Writing saved my life

Growing up I didn’t have a voice. By my early teens I showed little emotion except anger, because inside I felt broken. For a long time, never being able to verbalise what I was going through, I used self-harm as a way to release the intense emotions I held deep inside.
At about twelve or thirteen years old, I remember being at one of my lowest points. One night, at home alone, I was sitting in my room stoned and bleeding out after a self-harming session. In a daze from the weed and possibly the blood loss, I glanced over for my spliff in the ashtray and noticed a blue biro within all the clutter and cannabis paraphernalia. I don’t know where the thought came from, but an inner voice told me to pick up the pen and find a scrap of paper…
It was mad, I literally can’t explain what gave me the idea to write that night – I wasn’t one for school and had already been kicked out of mainstream education by then – but nevertheless, I went with the thought and just started writing down the words that I was feeling at that moment… To my surprise it felt good, really good. It was another form of release!
So, this new writing thing became part of my self-harming ritual. After I would cut, I would write… I started off jotting down angry words, until eventually I began structuring poems. My poetry was pretty dark; the content varied from childhood trauma, the criminal activities I was involved in with my gang at the time, and drug taking. Yeah, I wrote a lot of poems about how I loved to get high. Years later, many of my party drug poems were peppered with humour and were a lot lighter in tone.
Anyway, writing those poems gave me a sense of empowerment, ownership over the things that had happened to me, and counterbalanced my self-loathing. It got to the point where I would come home after several nights out and the first thing I would do was lock myself away in my room and pick up my pen and pad and write. I’d even postpone cutting some nights because my desire to get words on the page became so strong.
At around fifteen I was done with men, my life experiences had shown me that, other than my Dad, no other man could be trusted! In my eyes, older men were creepy predators, and boys in their teens and twenties were violent potential rapists. I obviously do not feel like that today and have many wonderful male friends and family members in my life, but as I say, back then I was damaged and, to me, men weren’t shit!
This could possibly explain why I began to turn my attention to girls. Did my loathing for men turn me gay? Who knows? My wife believes people are born gay; I’m not so sure and question whether my early experiences moulded my sexuality. I always fancied girls even before I understood what that meant, so maybe I would’ve been bi? God knows! Regardless, I’m a fully-fledged lesbian these days and wave the flag with pride!
Before I was proud, I was ashamed. My mum is Jamaican and I knew back then she didn’t agree with homosexuality. Plus, the girls that I rolled with at the time were quite homophobic. I thought it best not to share the same-sex feelings I had, at least not until I understood what those feelings meant myself… So I wrote them down.
Poems and short stories, just for me. Poems about girls I’d seen, and maybe taken a liking to. Stories about happy lesbian characters I’d make up, living proud and in love… Those stories helped me feel hopeful and transported me to a happy place when I read them back.
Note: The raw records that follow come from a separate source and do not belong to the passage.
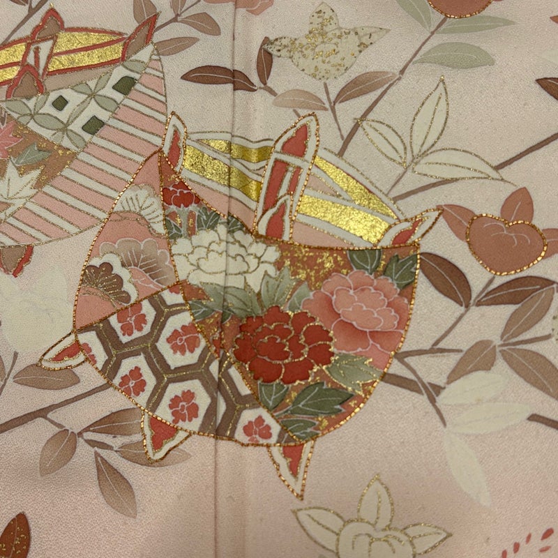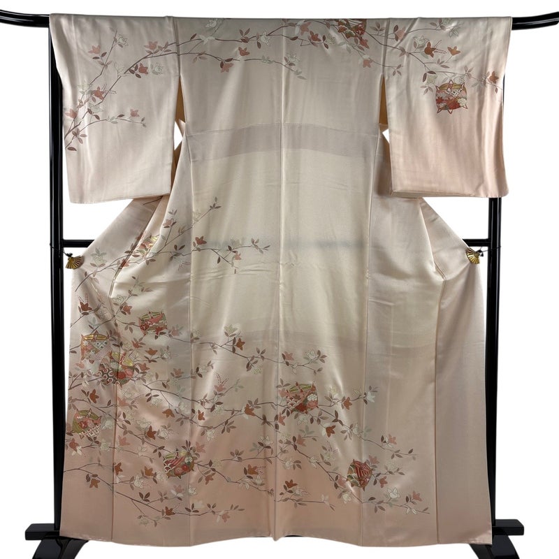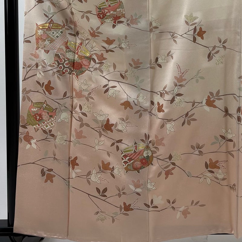 【訪問着】 赤系 薄ピンク 秀品 B 約160cm~約169cm 裄丈67cm-68cm (L)size 袖丈50cm-60cm 7990-9980 二万以下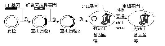 5.ch1L基因是蓝藻拟核DNA上控制叶绿素合成的基因。为研究该基因对叶绿素合成的控制,需要构建该种生物缺失ch1L基因的变异株细胞。技术路线如下图所示,对此描述错误的是: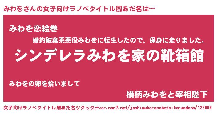 | 男性向けラノベタイトル風あだ名 | 『冴えないみわをの育てかた』 |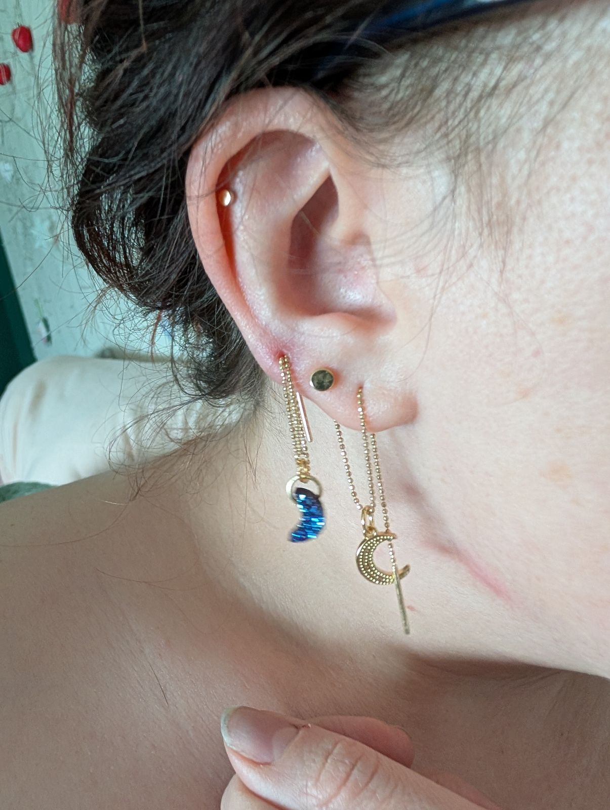 I absolutely love these threaders. I also have the extenders which I use in different ways. There are sooo many ways to wear these, and I've tried many and they all look gorgeous. I have purchased several times from Automic Gold and I love their mission, honest advertising, inclusivity, and beautiful recycled gold. I added my own charms in a couple of these pics but I have AG charms on my wishlist :)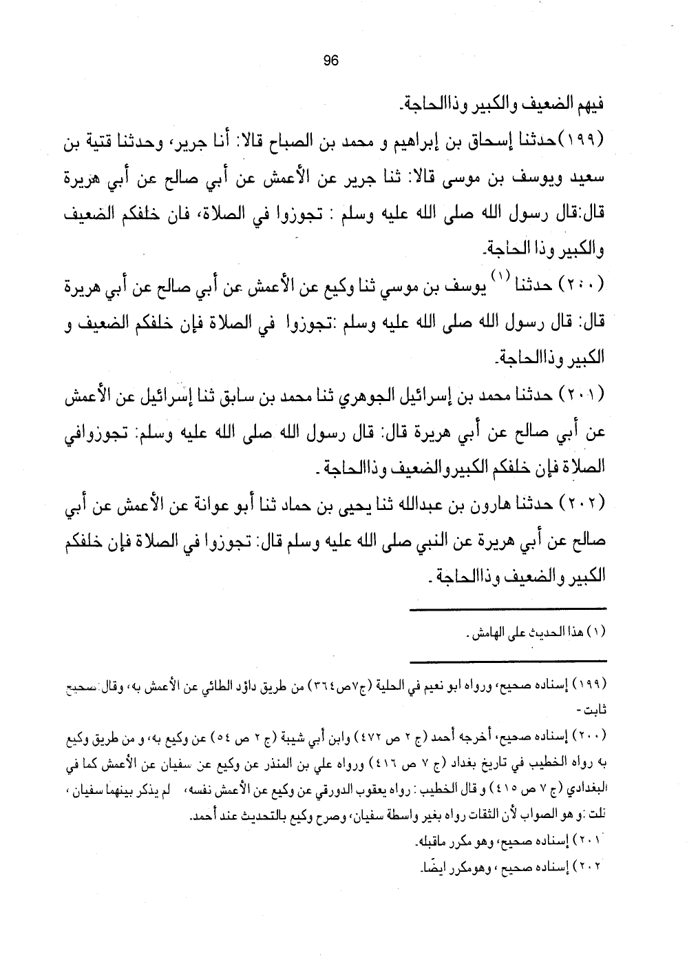 199 - حَدَّثَنَا إِسْحَاقُ بْنُ إِبْرَاهِيمَ وَمُحَمَّدُ بْنُ الصَّبَّاحِ قَالا: أَنَا جرير، وَحدثنَا قتية بْنُ سَعِيدٍ وَيُوسُفُ بْنُ مُوسَى قَالا: ثَنَا جَرِيرٌ عَنِ الأَعْمَشِ عَنْ أَبِي صَالِحٍ عَنْ أَبِي هُرَيْرَةَ قَالَ: قَالَ رَسُولُ اللَّهِ صَلَّى اللهُ عَلَيْهِ وَسَلَّمَ: تَجَوَّزُوا فِي الصَّلاةِ، فَإِنَّ خلفكم الضَّعِيف والكير وَذَا الْحَاجَةِ.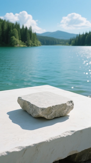 一张白色石质平台上放置着一块边缘不规则的方形石板,石板表面粗糙有自然纹理,沐浴在明亮的阳光中,投下清晰的短阴影。背景变换为宁静的森林湖畔,湖水呈现清澈的蓝绿色,湖面波光粼粼,远处是茂密的绿色森林和朦胧的远山轮廓,天空湛蓝,飘着几朵白色的积云,整体画面采用高清晰度摄影风格,色彩明亮清新,光影对比柔和,具有自然写实的质感和宁静悠远的氛围。
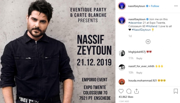 تعرف على موعد حفل ناصيف زيتون بهولندا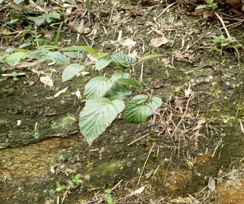 我们见到的第一棵灌木是覆盆子,这是一种不怎么友好的植物,浑身上下布满恶意的刺,向全世界宣各我是不容侵犯的。叶子互生,心形叶片,叶面有绒毛和细刺,茎上披有更粗的刺。枝上已结有果实,是聚合果,由一朵花中的许多离生单雌蕊聚集生长在花托上,并与花托共同发育而成。可惜时节没到,不能品尝其美味,实在是一大遗憾啊。世上唯有美食与知识不可辜负,谈到吃,我们的兴致立马高昂起来,前行的脚步忍不住加快了。又见一株高大的木质藤本,卵圆形对生叶,挂着一串串紫色的蝶形花,初步判断这是豆科植物,但是具体是什么还是得靠老师。我们叽叽喳喳讨论了半天,女生们可爱花了,吵着要一束留作纪念,我们仔细观察手中的花,有的说是紫藤,有的说是紫荆,有的通过百度说是崖豆藤……答案千奇百怪,最后老师过来肯定地说是紫藤,并说了判断依据。我们如梦方醒:原来网络上的资料鱼目混珠,还是需要自己掌握相当量的相关知识,仔细甑别才不致于让错误的信息入侵大脑,影响我们对事物的判断。
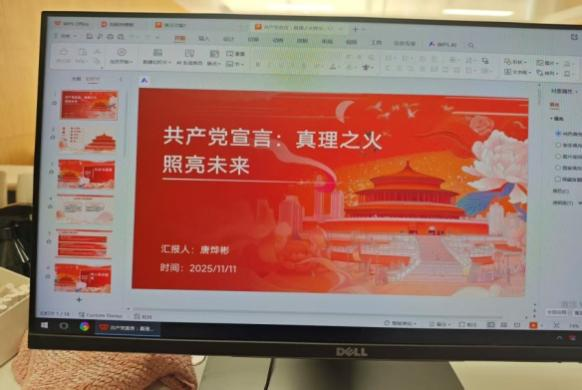 生物育种(动科)班张傲雪同学从当代视角出发,提出《共产党宣言》理论深化研究的空间。即“如何结合AI对社会进行分析,深化对当代资本主义剥削形式的研究;如何在全球化背景下,丰富和发展 “人类解放” 的内涵;如何将《共产党宣言》的基本原理与新时代中国特色社会主义实践更紧密地结合起来。”她认为“这些问题的探索,需要我们坚持实事求是的科学态度,既要学习《共产党宣言》的理论精髓,又要立足当代实际进行理论创新。”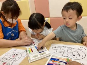 みんなでシール貼りと色塗りを行った様子をお届けします?
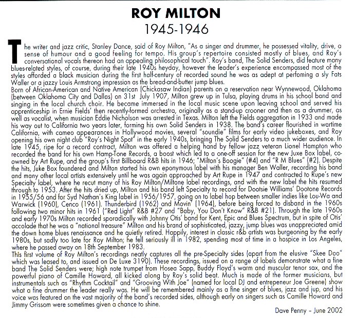 ... Anhänge an diesem Beitrag Dateiname: Later Roy Milton front.jpg Dateigröße: 182.56 KB Titel: Heruntergeladen: 135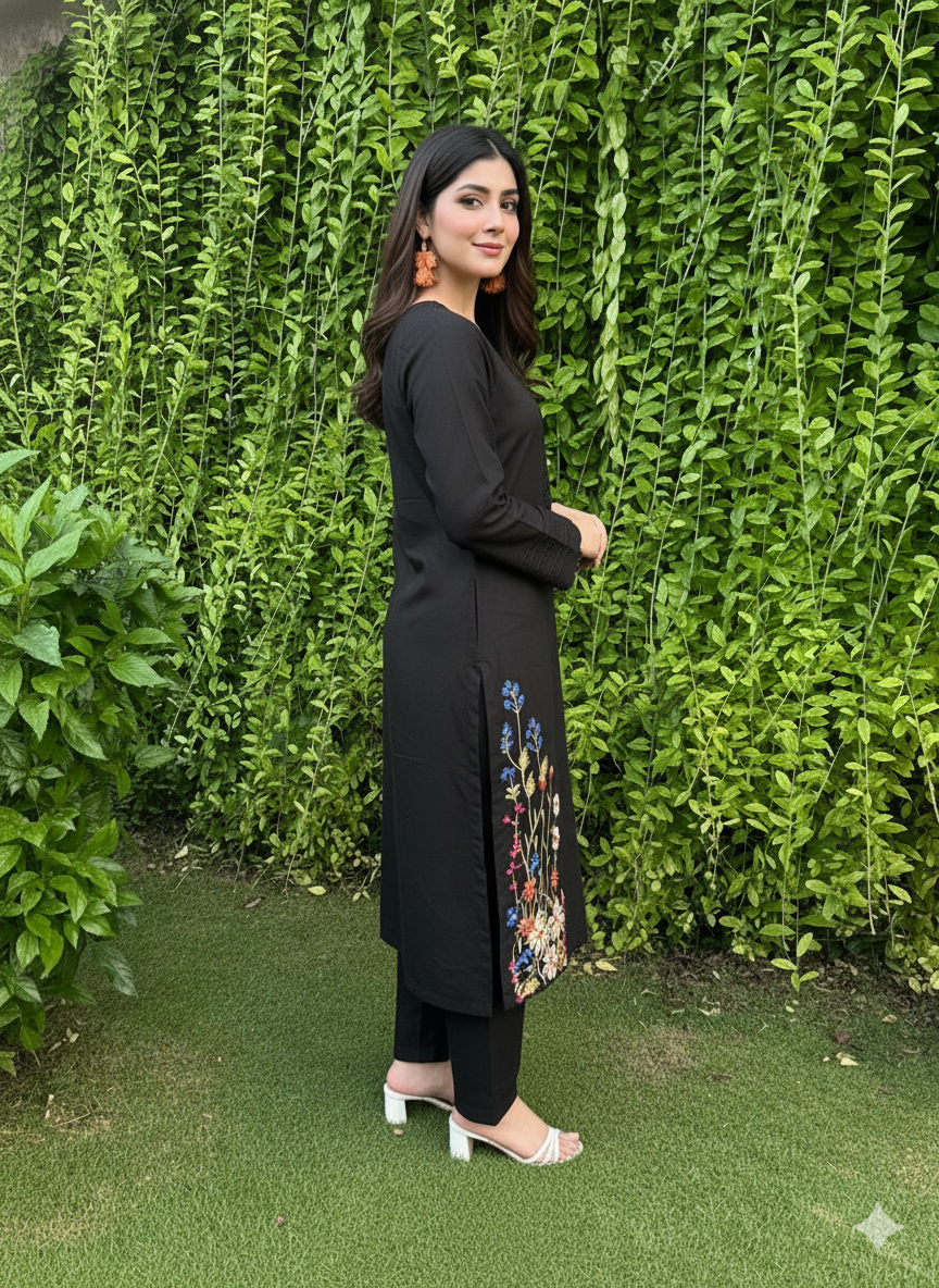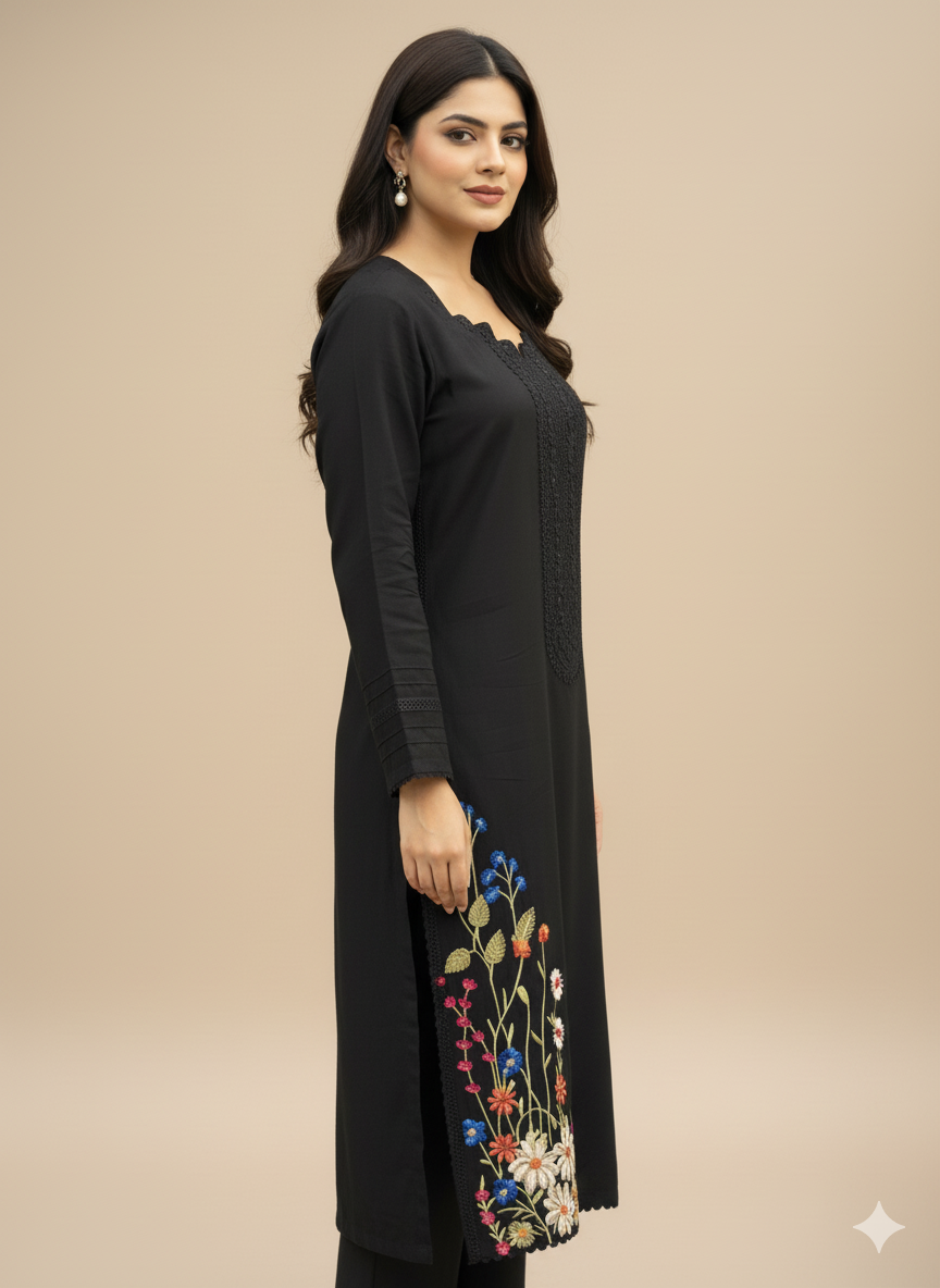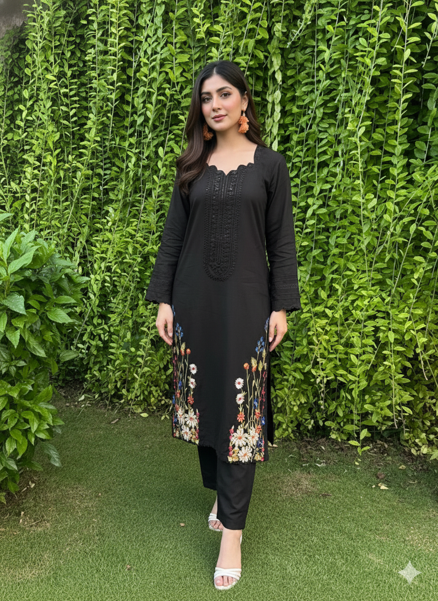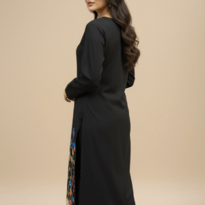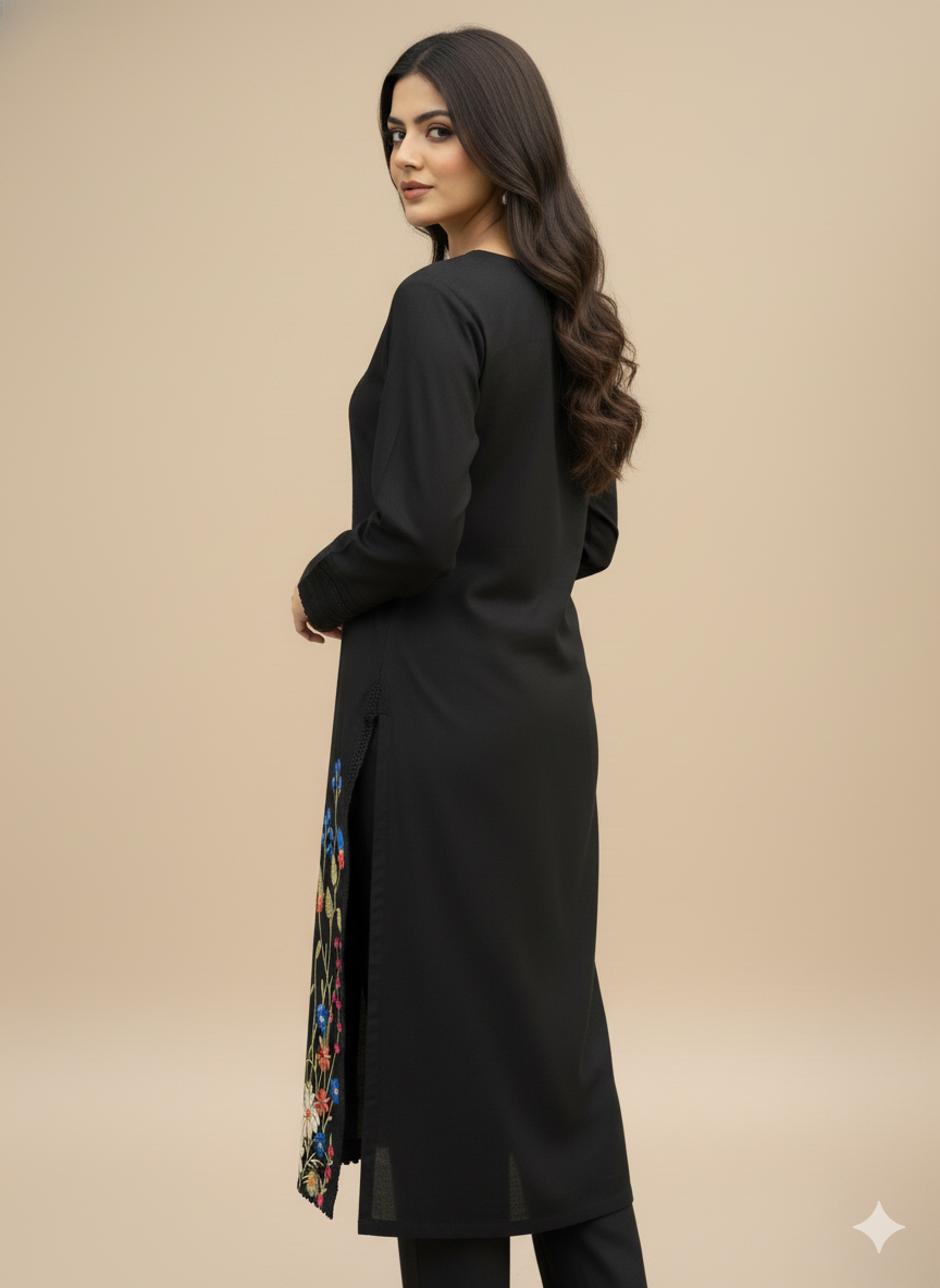 Introducing the “Midnight Bloom” Thi Silk Ensemble by Kuts By Mahwish. This stunning two-piece suit is crafted from luxurious Thi Silk in a deep, rich black. The kurta features an intricately embroidered neckline with delicate scalloped detailing, adding a touch of classic elegance. What truly makes this piece stand out are the vibrant, multi-colored floral embroidery motifs gracefully adorning the side panels, bringing a lively contrast to the dark fabric. Paired with comfortable matching trousers, this ensemble is perfect for semi-formal gatherings, evening events, or adding a unique flair to your daily wear. Experience the perfect blend of traditional craftsmanship and contemporary style. Price: PKR 5,900.
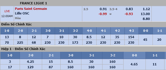 Hiệp 1: Theo thống kê ở 11 trận sân nhà gần nhất, có đến 7 trận đấu PSG ghi từ 2 bàn trở lên ngay trong Hiệp 1 Vậy nên trước 1 Lille vốn có một hàng phòng ngự khá “dễ dãi”, việc nhà cái ra kèo PSG chấp 1 1/4 và Tài/Xỉu 1 3/4 trong Hiệp 1 có lẽ cũng chưa đủ làm nản lòng người chơi đặt niềm tin vào PSG. Kịch bản về một cơn thịnh nộ của chú mãnh hổ PSG đang bị tổn thương sau 2 trận thua liên tiếp có thể sẽ được biến thành những bàn thắng ngay trong 45 phút đầu tiên. Chọn PSG hiệp 1.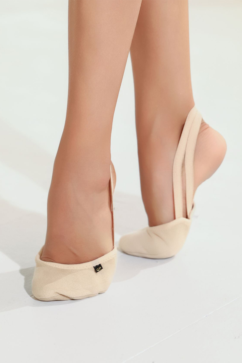 FLEXI half shoes for gymnastics are a professional model created for both daily training and stage performances. Made from high-quality nude microfiber, they gently contour to the foot for a natural, secure fit. Elastic straps keep the shoes firmly in place, allowing full freedom of movement.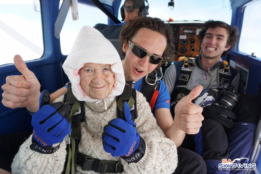 據了解,在這之前最年長的跳傘運動者是英國101歲又38天的Bryson William Verdun Hayes。

If my memory serves me correctly, this is the first time I began to think of plot and creating other characters in different worlds from my own.
Fast forward, seventeen years old and I finally came out in my world! It was a major turning point in my young life. As expected, my mum wasn’t overly impressed and many of the girls I hung around with didn’t take the news well, but by then I couldn’t care less. Ultimately, I distanced myself from the road life and entered the black London gay scene, and my god, ha! Those were some of the happiest years of my young gay life.
But no matter how much I had fallen in love with my new life, I couldn’t stop my other, negative vices, and not only did I find worse, more harmful ones, I fully committed myself for the next couple of years to a downward spiral. I won’t go into detailing the depravity of where my addictions took me, but I will say that through it all the only place I found solace was in my writing. Over time it became my therapy!
Fast forward again to twenty-one and I was fortunate enough to get a place in a rehab in the countryside. I moved away from London for the first time in my life and took steps to change… Ultimately, I grew up. I made it through the darkness and got my shit together, resulting in my re-educating myself as a mature student, enrolling in college and, years later, university.
Side note, I was diagnosed with dyslexia in my second year of university, which finally made my difficult early school years make sense to me. Nevertheless, I completed my degree with first-class honours – I’ve added that little nugget in because I’m super proud. Also, if someone like me can do it, anyone can!
Basically, I evolved, just like my writing – from poems to short stories, to character-driven monologues, plays and now, today, writing for film and TV, which I love and feel blessed to do as a job. I am grateful for my life experiences, good and bad, because they have given me a depth of emotional experience that I can put into the characters I create. In the past I wrote to escape; today I write because telling stories and being able to express human experience in words gives me a sense of purpose.